As I read this article, I thought about my own teenage years. I was an insecure girl who sought approval from my peers and teachers. I am shy enough that perhaps I could have easily said no, reminding peers that I hate to have my picture taken, but I really don’t know. While I’d like to think that I would’ve avoided sexting as a teen, I cannot say with great confidence that I would have had the technology been available—for one thing, I am no longer a teen, and I have too much experience to be able to think clearly about what I was like then; and for another, the technology was not available, so it’s difficult to say with any certainty what I would have done with it if it were.
So how should we approach our kids about this kind of topic (because certainly sexting is not the only “scary” thing out there that parents worry about)? Here are a few suggestions:
- Be a godly role model for your kids. Remember that they learn more by watching what we do than by listening to what we say. Actions speak louder than words, and our actions flow out of what is in our hearts. If our hearts are full of fear, then our actions reflect that. If our hearts are full of God’s grace and goodness, our actions will reflect that.
- Make sure your kids know that it’s safe to talk to you. It seems that teens are more likely to talk to parents or mentors who actually listen to what they have to say and who can empathize with what they’re going through—to know that they will be heard without being judged. This does not mean that you agree with everything they say…only that they know that you will really listen to them.

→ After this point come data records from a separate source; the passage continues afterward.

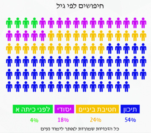 עוד עולה מהנתונים, כי 18% מהחיפושים היו עבור שיעורים פרטיים לגילאי יסודי, 24% לחטיבת ביניים ו-54% לתיכון.
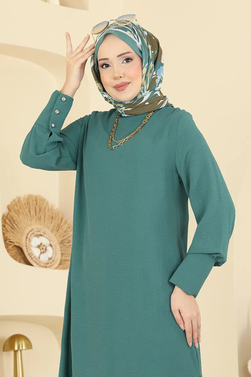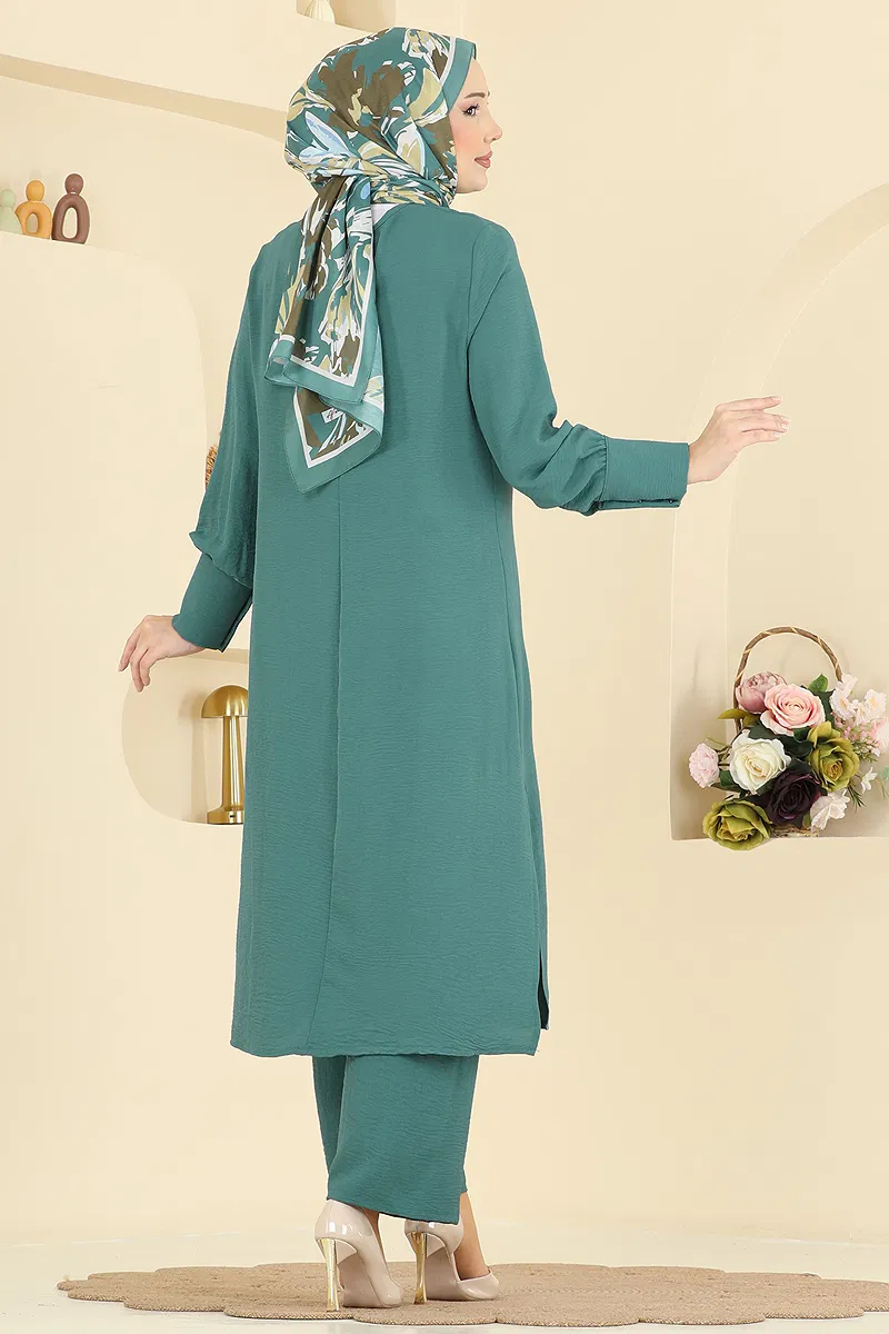 Experience both comfort and style with the Cuffed Button Aerobin Set, featuring a bicycle neckline and a slit on the side of the tunic. Suitable for all four seasons, this modest clothing item is made from aerobin fabric and can be washed gently at 30 degrees. The tunic boasts a back button detail and the trousers include an elastic waist, with active cuff buttons. An ideal choice for your comfort and elegance!
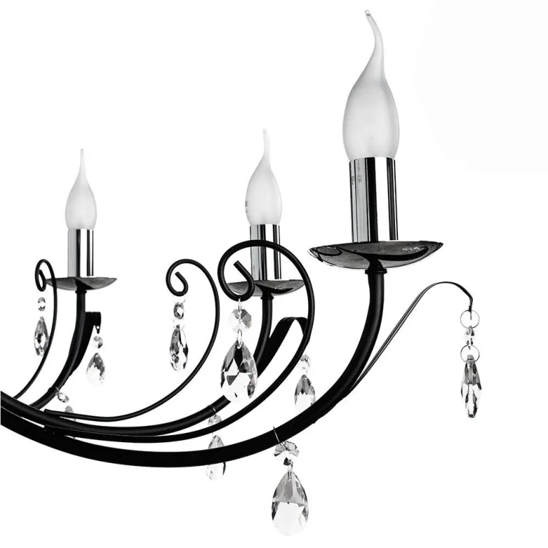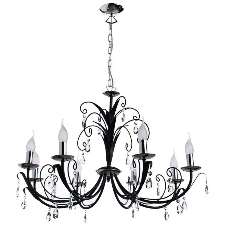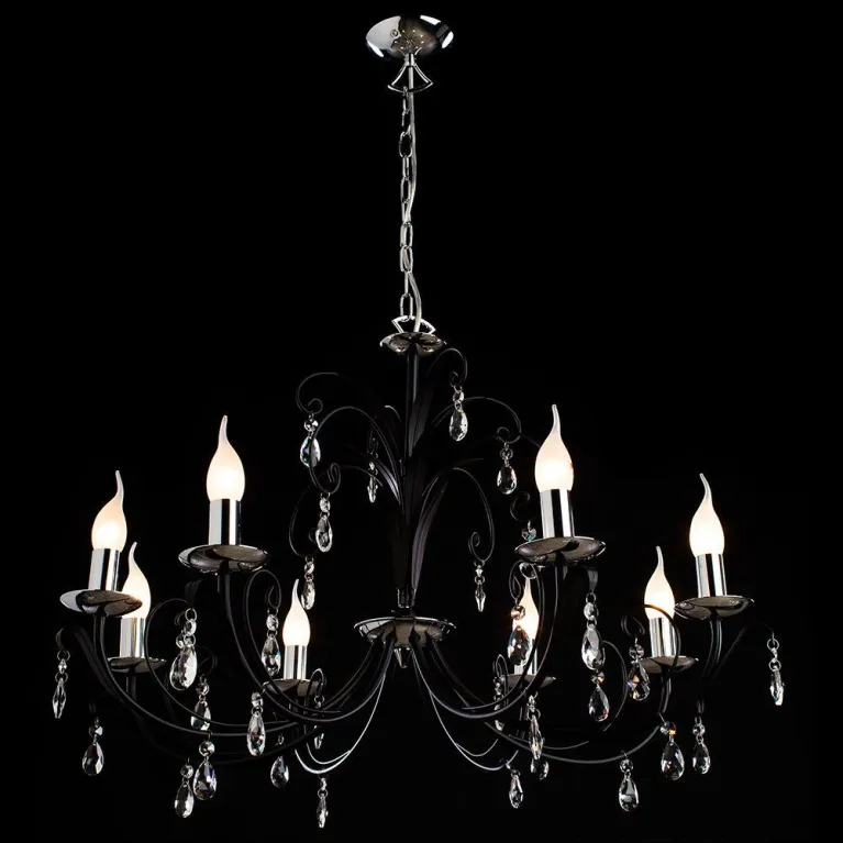 Преобладающий цвет люстры: Черный, арматуры: Черный; материал изготовления арматуры: Металл, размеры, мм: / высота 440 / диаметр 780. Общая мощность – 320 Ватт, а максимальная площадь освещения до 17,8 м2. Основной тип ламп, предусмотренный производителем: Накаливания с цоколем E14. В зависимости от предпочтений можно использовать лампы теплового, холодного или нейтрального света, за исключением люстр с типом цоколя LED.
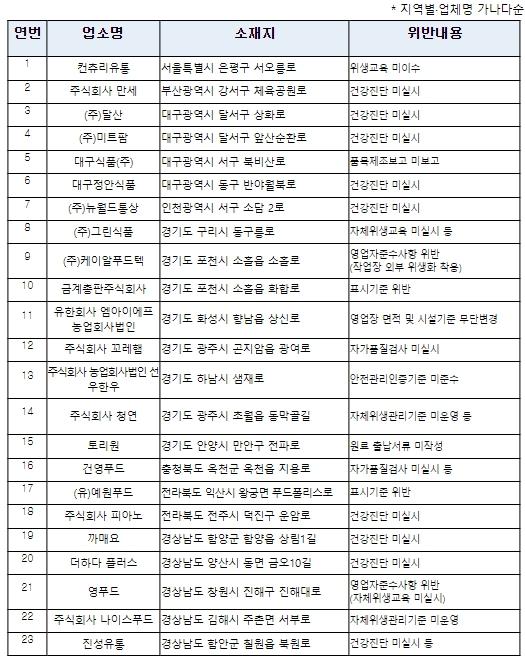 점검 결과 주요 위반내용은 ▲건강진단 미실시(9건) ▲영업자 준수사항 위반(2건) ▲자가품질검사 미실시(2건) ▲자체 위생관리기준 미운영(2건) ▲표시기준 위반(2건) 등이며 이번에 적발된 업체는 관할 지자체 행정처분 등의 조치 후 6개월 이내에 다시 점검해 개선 여부를 확인할 예정이다.

- Don’t immediately suspect the worst. Try to remember what it was like to be a teenager, and remind yourself that your child likely doesn’t want to make poor decisions—they just don’t yet have the experience to make the bestdecision.
- Be willing to ask questions before you make a decision. Try to understand where your child is coming from and what factors may have influenced his or her decision.
- Be reasonable in your response. Try not to overreact, and remind yourself that shutting everything down is not always the best response. It’s best to focus on the root of the problem not the symptom; for example, if your child has questions about his or her sexual identity, focus on that problem instead of removing their phone or shutting down their accounts. Inappropriate behavior is often a sign of a deeper issue that needs God’s healing. But you need to keep balance, because you don’t want to make up problems that aren’t actually there, either; some behavior is just teenage silliness. That’s why it’s important to ask questions and find out where your child is.
Sexting is that it is not always disastrous. The most public instances certainly seem that way, but the act does not always end with prison, humiliation, or the inability to get a job or into the school of your choice. But the truth about sexting is that it is not what God desires for us. It is not an unforgivable sin, but it is a sign that something else is broken, and God wants very much to redeem that something else.